# TASK TO CARRY OUT:
Type out the data again, word for word and in full.

# COLLECTED MATERIAL:
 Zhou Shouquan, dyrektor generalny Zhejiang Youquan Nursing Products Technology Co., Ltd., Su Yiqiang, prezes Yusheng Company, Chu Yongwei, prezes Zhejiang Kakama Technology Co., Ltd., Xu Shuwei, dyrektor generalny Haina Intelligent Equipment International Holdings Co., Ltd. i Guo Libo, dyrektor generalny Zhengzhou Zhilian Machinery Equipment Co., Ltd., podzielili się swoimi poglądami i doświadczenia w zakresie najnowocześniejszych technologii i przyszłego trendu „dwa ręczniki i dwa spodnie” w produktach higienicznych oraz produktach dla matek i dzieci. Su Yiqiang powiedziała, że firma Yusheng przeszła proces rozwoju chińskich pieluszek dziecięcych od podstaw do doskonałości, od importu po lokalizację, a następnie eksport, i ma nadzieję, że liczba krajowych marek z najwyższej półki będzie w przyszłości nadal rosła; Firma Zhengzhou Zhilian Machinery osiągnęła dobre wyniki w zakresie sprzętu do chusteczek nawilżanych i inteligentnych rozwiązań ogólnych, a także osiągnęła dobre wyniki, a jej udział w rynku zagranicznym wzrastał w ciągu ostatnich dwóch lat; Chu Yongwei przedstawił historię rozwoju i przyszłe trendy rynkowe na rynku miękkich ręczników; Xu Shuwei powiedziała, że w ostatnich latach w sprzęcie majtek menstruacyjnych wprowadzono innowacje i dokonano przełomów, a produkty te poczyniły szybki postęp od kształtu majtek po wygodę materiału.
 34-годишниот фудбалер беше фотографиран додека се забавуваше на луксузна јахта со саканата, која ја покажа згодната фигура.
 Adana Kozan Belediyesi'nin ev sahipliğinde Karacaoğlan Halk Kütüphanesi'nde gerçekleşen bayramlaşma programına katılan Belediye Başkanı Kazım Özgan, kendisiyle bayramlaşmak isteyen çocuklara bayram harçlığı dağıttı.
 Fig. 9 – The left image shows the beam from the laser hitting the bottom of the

# ANSWER SECTION:
 Zhou Shouquan, dyrektor generalny Zhejiang Youquan Nursing Products Technology Co., Ltd., Su Yiqiang, prezes Yusheng Company, Chu Yongwei, prezes Zhejiang Kakama Technology Co., Ltd., Xu Shuwei, dyrektor generalny Haina Intelligent Equipment International Holdings Co., Ltd. i Guo Libo, dyrektor generalny Zhengzhou Zhilian Machinery Equipment Co., Ltd., podzielili się swoimi poglądami i doświadczenia w zakresie najnowocześniejszych technologii i przyszłego trendu „dwa ręczniki i dwa spodnie” w produktach higienicznych oraz produktach dla matek i dzieci. Su Yiqiang powiedziała, że firma Yusheng przeszła proces rozwoju chińskich pieluszek dziecięcych od podstaw do doskonałości, od importu po lokalizację, a następnie eksport, i ma nadzieję, że liczba krajowych marek z najwyższej półki będzie w przyszłości nadal rosła; Firma Zhengzhou Zhilian Machinery osiągnęła dobre wyniki w zakresie sprzętu do chusteczek nawilżanych i inteligentnych rozwiązań ogólnych, a także osiągnęła dobre wyniki, a jej udział w rynku zagranicznym wzrastał w ciągu ostatnich dwóch lat; Chu Yongwei przedstawił historię rozwoju i przyszłe trendy rynkowe na rynku miękkich ręczników; Xu Shuwei powiedziała, że w ostatnich latach w sprzęcie majtek menstruacyjnych wprowadzono innowacje i dokonano przełomów, a produkty te poczyniły szybki postęp od kształtu majtek po wygodę materiału.
 34-годишниот фудбалер беше фотографиран додека се забавуваше на луксузна јахта со саканата, која ја покажа згодната фигура.
 Adana Kozan Belediyesi'nin ev sahipliğinde Karacaoğlan Halk Kütüphanesi'nde gerçekleşen bayramlaşma programına katılan Belediye Başkanı Kazım Özgan, kendisiyle bayramlaşmak isteyen çocuklara bayram harçlığı dağıttı.
 Fig. 9 – The left image shows the beam from the laser hitting the bottom of the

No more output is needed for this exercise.